Start of Block
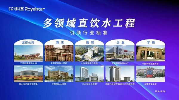 03 榮事達多領(lǐng)域直飲水工程 榮事達水工業(yè)公司作為凈水領(lǐng)域的佼佼者,已經(jīng)擁有二十年的行業(yè)積累。其產(chǎn)品覆蓋有千萬家庭、2000+企事業(yè)單位、3500+校園等場所。此外,榮事達水工業(yè)公司還獨立設(shè)計施工大型直飲水工程,包括秦始皇兵馬俑博物館、唐山世界園藝博覽會、三亞鳳凰國際機場、合福高鐵沿途站點等知名項目,以及埃塞俄比亞總統(tǒng)府、馬來西亞巴生港、贊比亞恩多拉機場、巴基斯坦默蒂亞里等海外項目,贏得了廣泛的贊譽和信賴。
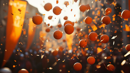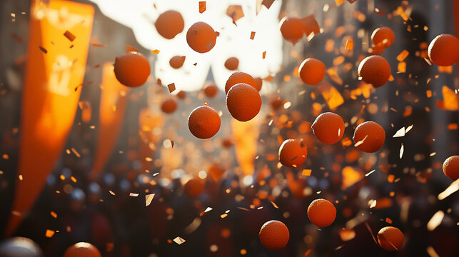 Slow-motion depiction of oranges flying through the air, capturing the energy and chaos of the Battle of the Oranges
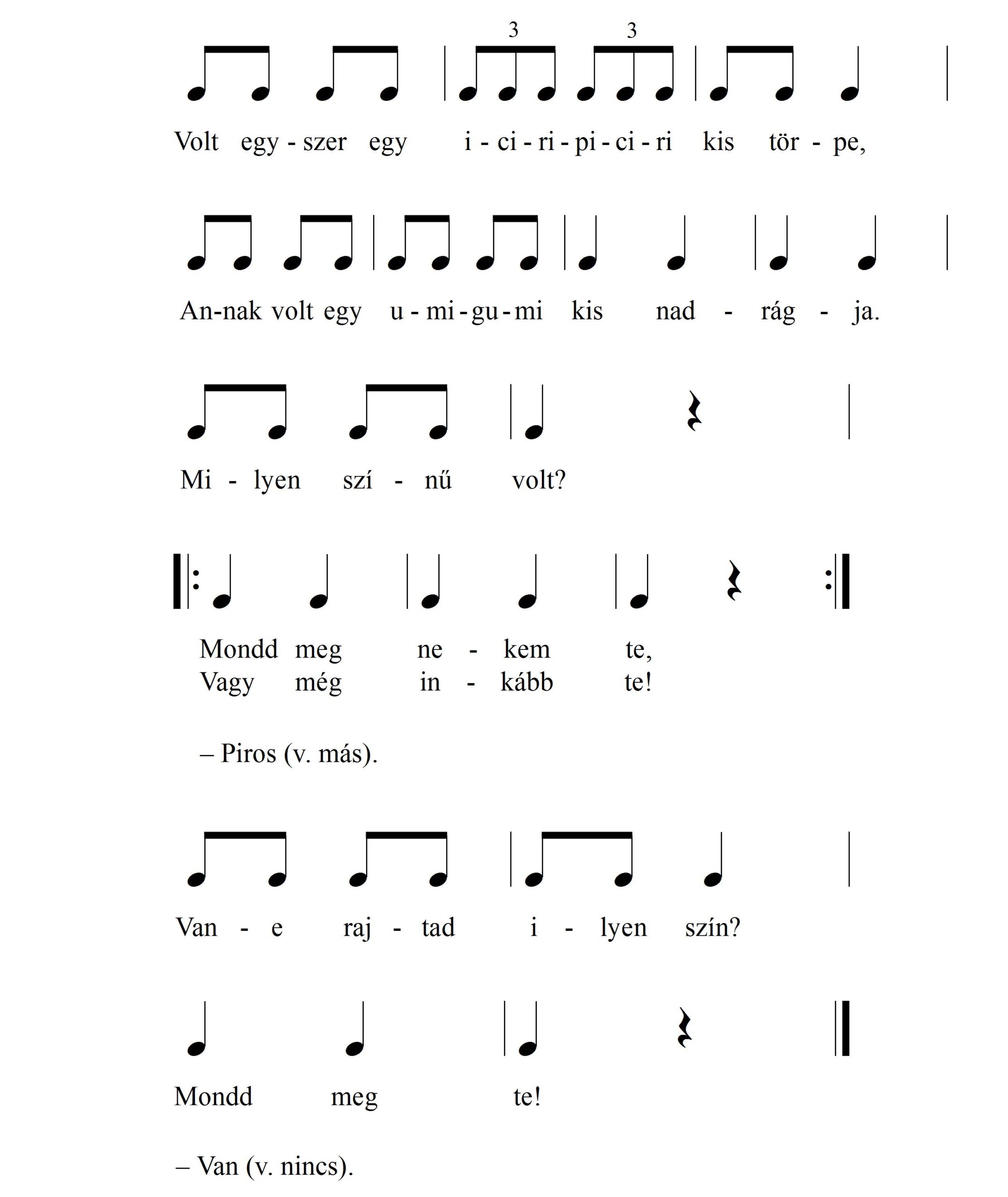 Akire az utolsó szótag jut, mond egy színt, mégpedig olyat, amilyen a saját öltözékén is található. Ezután folytatódik a kiszámolás. Akire a befejező rész utolsó szótagja jut, és ruházatán előfordul a mondott szín, kiáll a körből. Ha öltözékén nem lelhető fel a mondott szín, továbbra is a körben marad. Aki utolsónak marad bent, az lesz a fogó vagy „sunyó“. Ha a kiolvasót mondó játékos kiesik, a kiszámolást általában ő folytatja tovább, saját magát azonban kihagyja belőle.
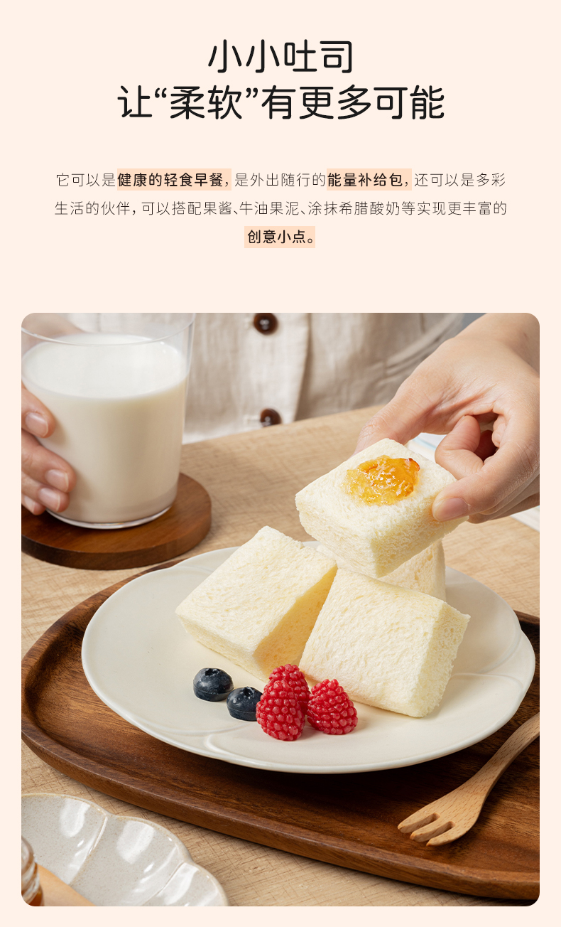 云朵口感 细腻丝滑 | 米惦奶奶嫩吐司 无边鲜奶吐司 早餐面包代餐 老少皆宜 300g*1袋[口感绵软,一袋约20个]
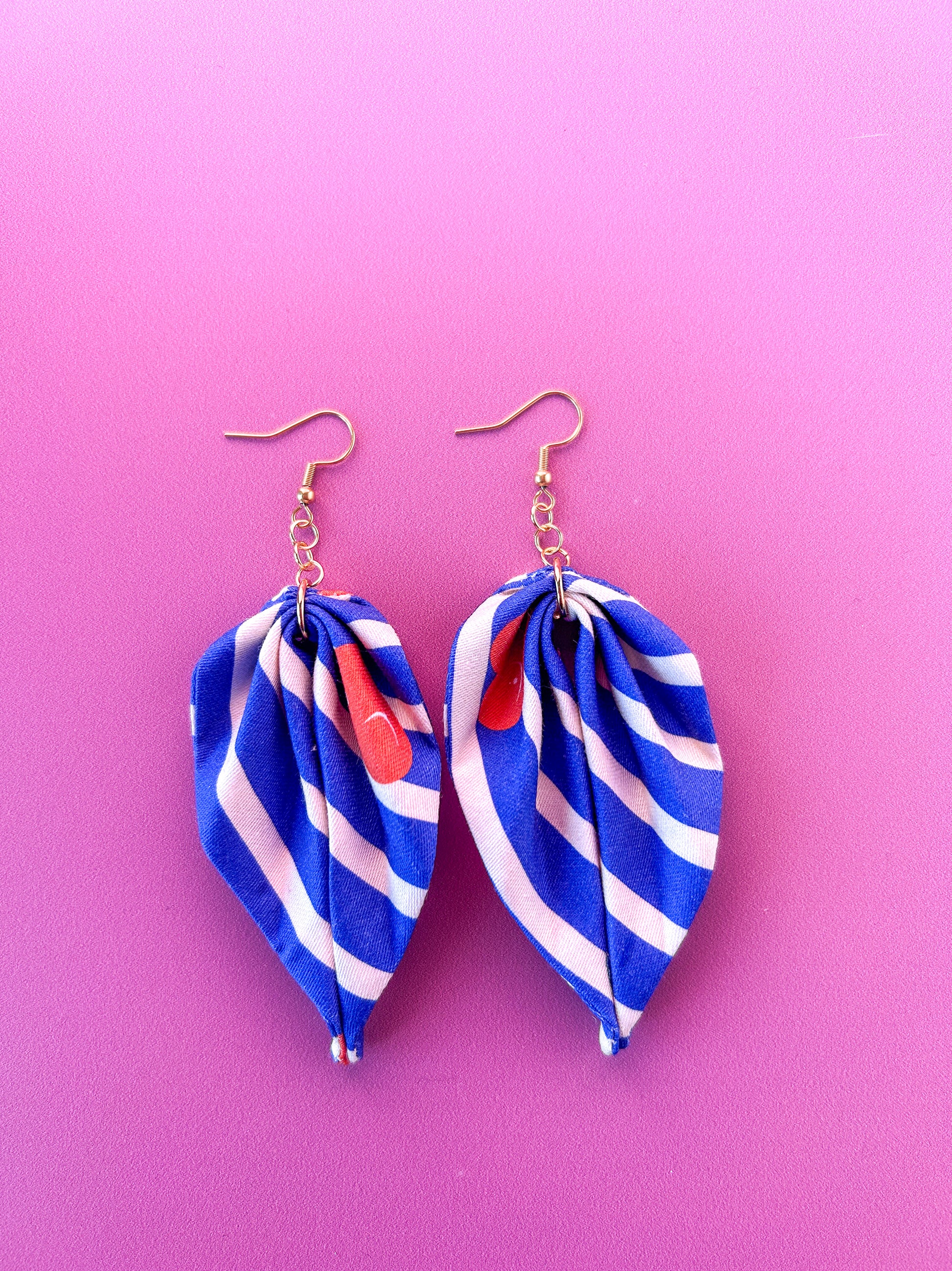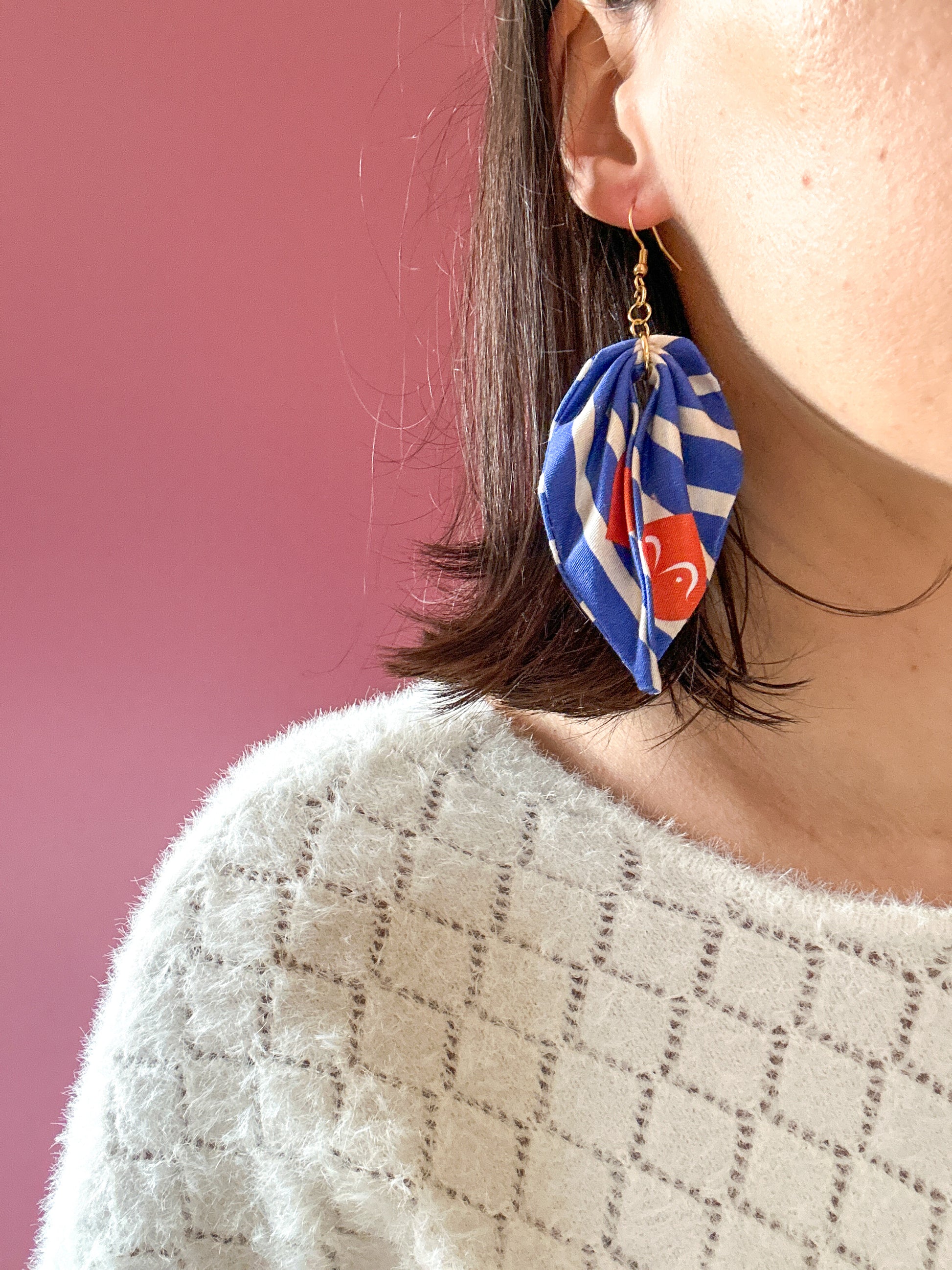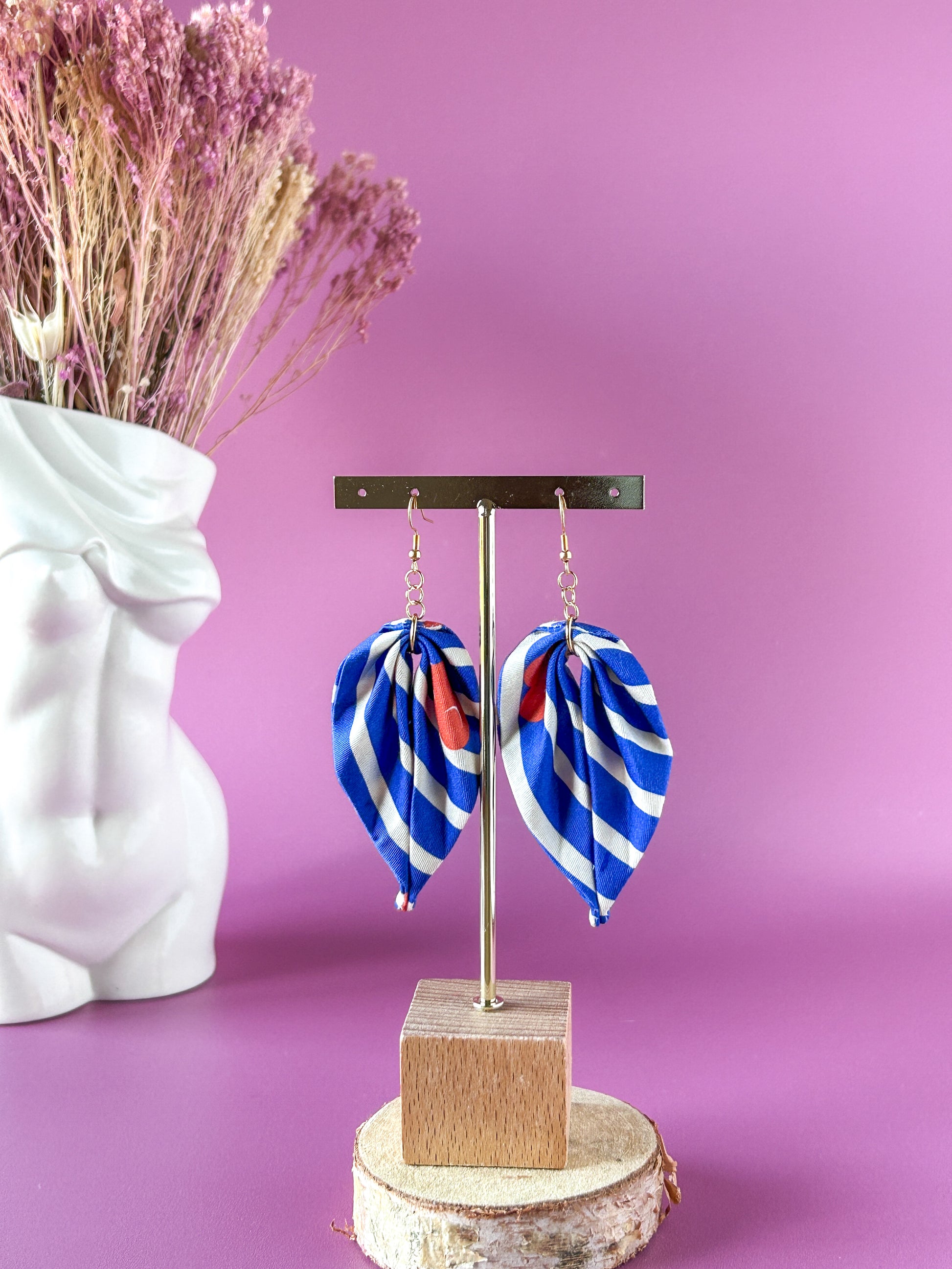 Matières : Boucles d'oreilles en tissu et acier inoxydable, très légères et agréables à porter.
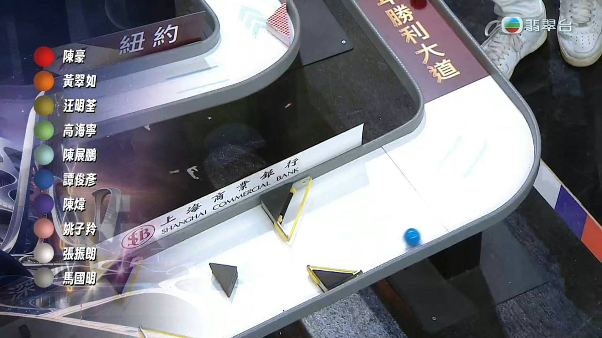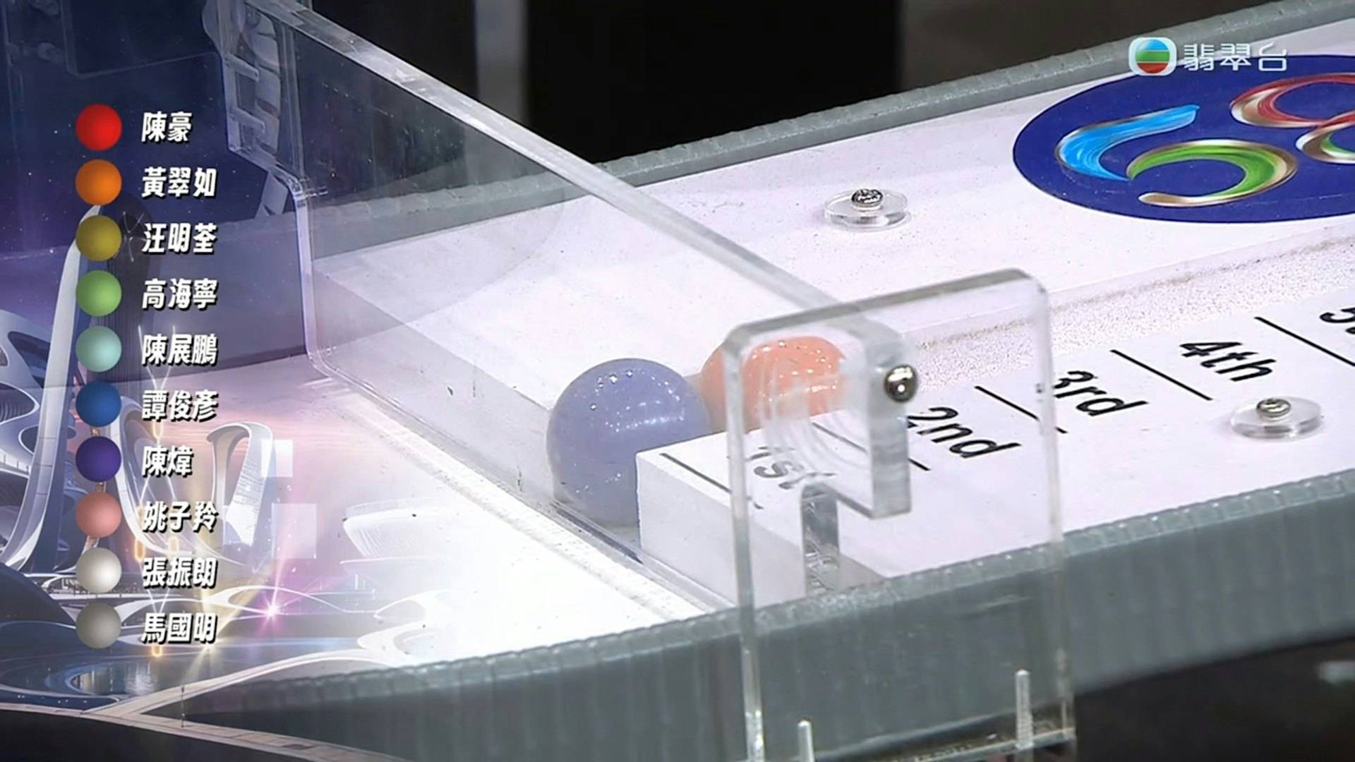台慶壓軸環節「翡翠明珠」彈珠賽決定50萬免找數簽賬額得主時,出現令全場錯愕的一幕。陳豪、黃翠如、汪明荃、高海寧、陳展鵬、譚俊彥、陳煒、姚子羚、張振朗、馬國明等10位藝人代表各持不同顏色彈珠參賽,陳展鵬的淺藍色彈珠一馬當先,表現由頭帶到尾。正當曾志偉、鍾志光、朱凱婷、區永權等司儀都宣布「淺藍色」得勝,朱凱婷準備說出「陳展鵬」名字時,眾人突然一臉錯愕,收到指示要「嚟多個圈」。鍾志光急忙打圓場說「賽事要增加刺激性呀」,但第二輪比賽結果由陳煒的紫色彈珠勝出,她與隊友平分50萬獎金。
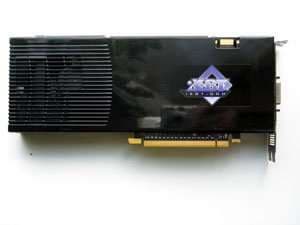 | Карта имеет 512 МБ памяти GDDR3 SDRAM, размещенной в 8 микросхемах на лицевой стороне PCB. Микросхемы памяти Qimonda (GDDR3). Время выборки у микросхем памяти 1.0 ns, что соответствует частоте работы 1000 (2000) МГц. | ![]() |
End of Block
» **WORK INSTRUCTIONS**: Stop at the line containing "台慶壓軸環節「翡翠明珠」彈珠" and include it. Everything from the first line of the material up to there is to be repeated exactly, leaving out pictures.

» **WORKED SOLUTION**:
 03 榮事達多領(lǐng)域直飲水工程 榮事達水工業(yè)公司作為凈水領(lǐng)域的佼佼者,已經(jīng)擁有二十年的行業(yè)積累。其產(chǎn)品覆蓋有千萬家庭、2000+企事業(yè)單位、3500+校園等場所。此外,榮事達水工業(yè)公司還獨立設(shè)計施工大型直飲水工程,包括秦始皇兵馬俑博物館、唐山世界園藝博覽會、三亞鳳凰國際機場、合福高鐵沿途站點等知名項目,以及埃塞俄比亞總統(tǒng)府、馬來西亞巴生港、贊比亞恩多拉機場、巴基斯坦默蒂亞里等海外項目,贏得了廣泛的贊譽和信賴。
 Slow-motion depiction of oranges flying through the air, capturing the energy and chaos of the Battle of the Oranges
 Akire az utolsó szótag jut, mond egy színt, mégpedig olyat, amilyen a saját öltözékén is található. Ezután folytatódik a kiszámolás. Akire a befejező rész utolsó szótagja jut, és ruházatán előfordul a mondott szín, kiáll a körből. Ha öltözékén nem lelhető fel a mondott szín, továbbra is a körben marad. Aki utolsónak marad bent, az lesz a fogó vagy „sunyó“. Ha a kiolvasót mondó játékos kiesik, a kiszámolást általában ő folytatja tovább, saját magát azonban kihagyja belőle.
 云朵口感 细腻丝滑 | 米惦奶奶嫩吐司 无边鲜奶吐司 早餐面包代餐 老少皆宜 300g*1袋[口感绵软,一袋约20个]
 Matières : Boucles d'oreilles en tissu et acier inoxydable, très légères et agréables à porter.
台慶壓軸環節「翡翠明珠」彈珠賽決定50萬免找數簽賬額得主時,出現令全場錯愕的一幕。陳豪、黃翠如、汪明荃、高海寧、陳展鵬、譚俊彥、陳煒、姚子羚、張振朗、馬國明等10位藝人代表各持不同顏色彈珠參賽,陳展鵬的淺藍色彈珠一馬當先,表現由頭帶到尾。正當曾志偉、鍾志光、朱凱婷、區永權等司儀都宣布「淺藍色」得勝,朱凱婷準備說出「陳展鵬」名字時,眾人突然一臉錯愕,收到指示要「嚟多個圈」。鍾志光急忙打圓場說「賽事要增加刺激性呀」,但第二輪比賽結果由陳煒的紫色彈珠勝出,她與隊友平分50萬獎金。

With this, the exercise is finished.